THE TASK: The required output is the stretch from the line containing "海军博物馆105号军舰,旁边是小青岛。" through the line containing "现场观摩期间,参会领导和与会" in the records below, unaltered and with no pictures.

DATASET RECORDS:
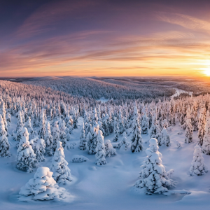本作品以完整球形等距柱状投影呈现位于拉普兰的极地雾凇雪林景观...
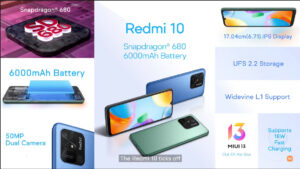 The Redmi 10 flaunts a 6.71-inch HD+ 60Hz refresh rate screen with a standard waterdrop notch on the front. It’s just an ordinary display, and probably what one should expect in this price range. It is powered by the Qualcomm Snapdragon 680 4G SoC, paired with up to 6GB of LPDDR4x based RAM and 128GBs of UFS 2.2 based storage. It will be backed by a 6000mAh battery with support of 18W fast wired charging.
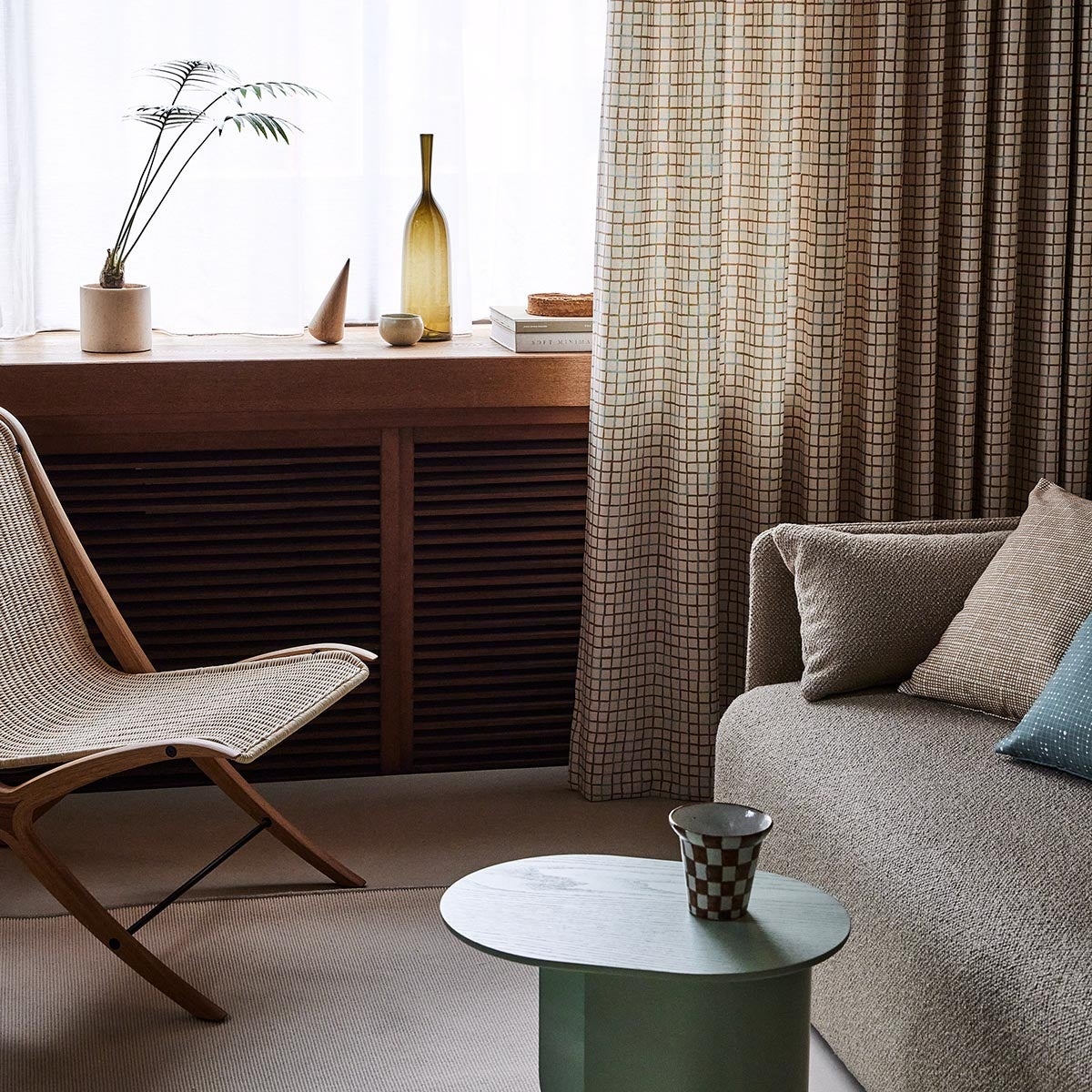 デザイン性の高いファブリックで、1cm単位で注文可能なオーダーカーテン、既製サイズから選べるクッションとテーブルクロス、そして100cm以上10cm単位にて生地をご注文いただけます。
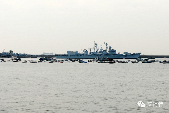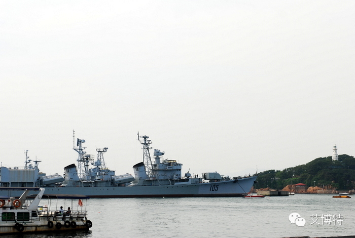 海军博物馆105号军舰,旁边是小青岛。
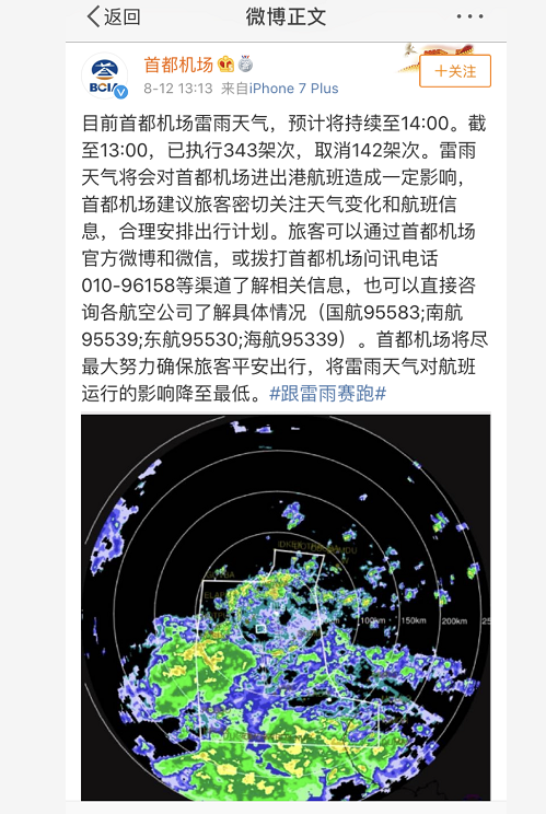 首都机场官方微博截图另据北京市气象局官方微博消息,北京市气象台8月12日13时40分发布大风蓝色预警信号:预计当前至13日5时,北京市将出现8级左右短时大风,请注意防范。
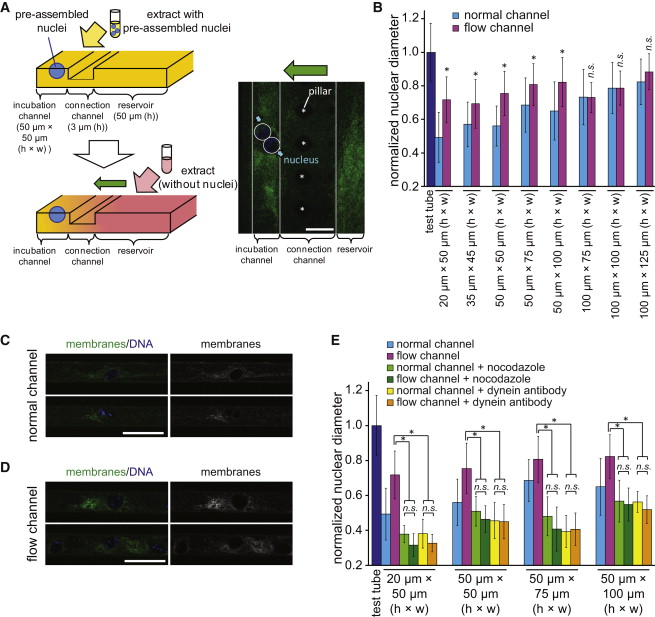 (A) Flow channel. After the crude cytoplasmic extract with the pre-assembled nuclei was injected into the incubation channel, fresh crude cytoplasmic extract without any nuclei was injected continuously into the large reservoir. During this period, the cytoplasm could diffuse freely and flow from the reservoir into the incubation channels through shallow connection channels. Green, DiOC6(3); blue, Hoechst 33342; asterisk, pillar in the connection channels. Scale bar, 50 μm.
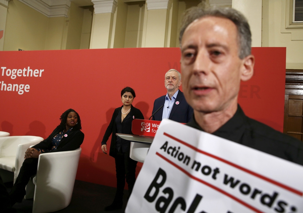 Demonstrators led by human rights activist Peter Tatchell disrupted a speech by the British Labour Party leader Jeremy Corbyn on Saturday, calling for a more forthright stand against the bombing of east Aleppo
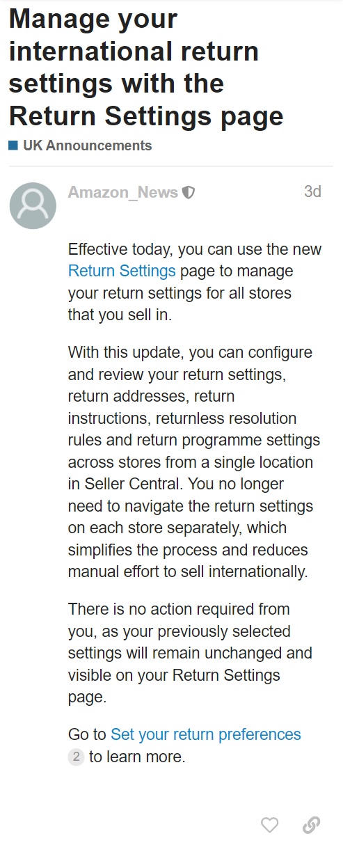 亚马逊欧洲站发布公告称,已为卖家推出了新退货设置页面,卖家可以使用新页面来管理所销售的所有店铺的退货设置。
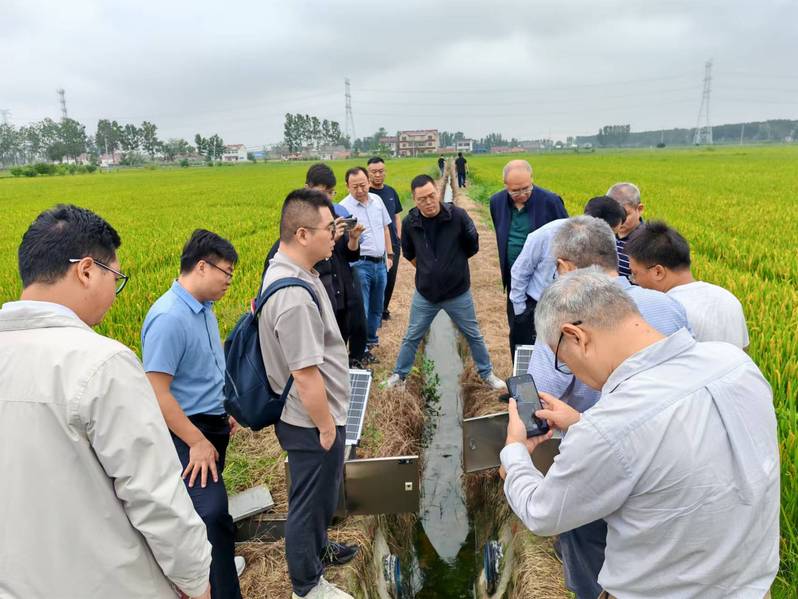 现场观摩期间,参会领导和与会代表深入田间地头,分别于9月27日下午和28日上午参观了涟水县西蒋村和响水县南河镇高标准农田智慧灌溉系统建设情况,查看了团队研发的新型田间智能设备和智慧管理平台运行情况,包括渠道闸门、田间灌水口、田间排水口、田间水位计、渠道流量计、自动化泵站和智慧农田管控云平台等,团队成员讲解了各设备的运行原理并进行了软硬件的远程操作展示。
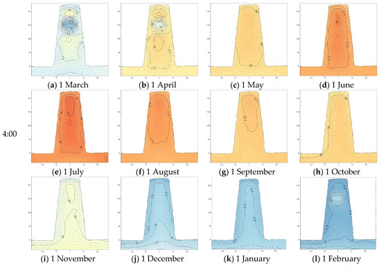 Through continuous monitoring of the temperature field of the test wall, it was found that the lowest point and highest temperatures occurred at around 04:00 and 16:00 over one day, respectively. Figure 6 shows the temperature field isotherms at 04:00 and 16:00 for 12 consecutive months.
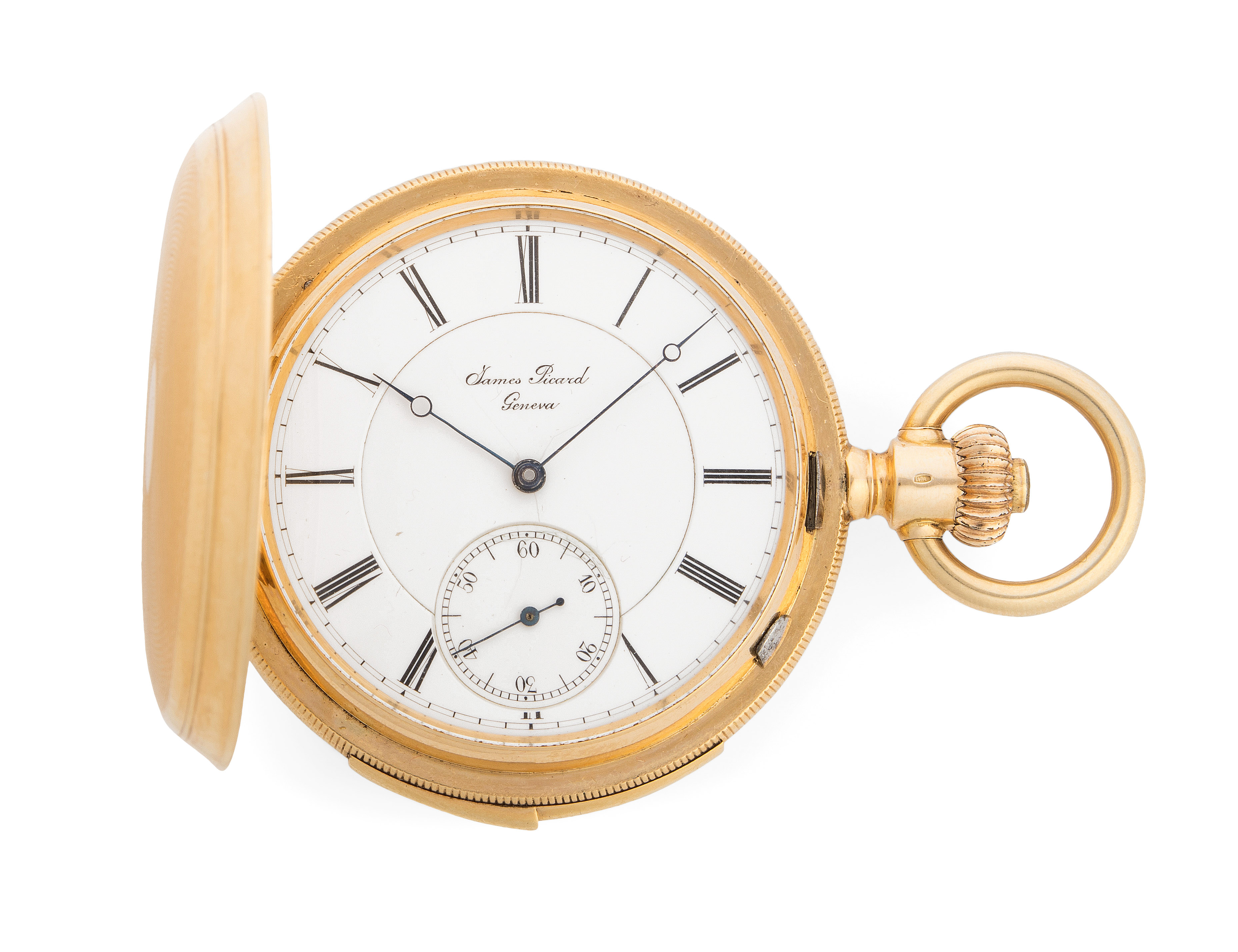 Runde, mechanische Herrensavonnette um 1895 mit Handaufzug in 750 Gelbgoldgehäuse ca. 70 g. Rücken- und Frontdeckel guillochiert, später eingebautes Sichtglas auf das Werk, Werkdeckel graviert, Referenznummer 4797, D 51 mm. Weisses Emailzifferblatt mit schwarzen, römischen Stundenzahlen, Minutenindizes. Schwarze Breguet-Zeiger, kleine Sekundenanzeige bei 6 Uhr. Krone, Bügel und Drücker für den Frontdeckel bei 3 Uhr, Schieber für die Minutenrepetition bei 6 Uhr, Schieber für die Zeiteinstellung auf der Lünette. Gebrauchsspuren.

TASK SOLUTION:
 海军博物馆105号军舰,旁边是小青岛。
 首都机场官方微博截图另据北京市气象局官方微博消息,北京市气象台8月12日13时40分发布大风蓝色预警信号:预计当前至13日5时,北京市将出现8级左右短时大风,请注意防范。
 (A) Flow channel. After the crude cytoplasmic extract with the pre-assembled nuclei was injected into the incubation channel, fresh crude cytoplasmic extract without any nuclei was injected continuously into the large reservoir. During this period, the cytoplasm could diffuse freely and flow from the reservoir into the incubation channels through shallow connection channels. Green, DiOC6(3); blue, Hoechst 33342; asterisk, pillar in the connection channels. Scale bar, 50 μm.
 Demonstrators led by human rights activist Peter Tatchell disrupted a speech by the British Labour Party leader Jeremy Corbyn on Saturday, calling for a more forthright stand against the bombing of east Aleppo
 亚马逊欧洲站发布公告称,已为卖家推出了新退货设置页面,卖家可以使用新页面来管理所销售的所有店铺的退货设置。
 现场观摩期间,参会领导和与会代表深入田间地头,分别于9月27日下午和28日上午参观了涟水县西蒋村和响水县南河镇高标准农田智慧灌溉系统建设情况,查看了团队研发的新型田间智能设备和智慧管理平台运行情况,包括渠道闸门、田间灌水口、田间排水口、田间水位计、渠道流量计、自动化泵站和智慧农田管控云平台等,团队成员讲解了各设备的运行原理并进行了软硬件的远程操作展示。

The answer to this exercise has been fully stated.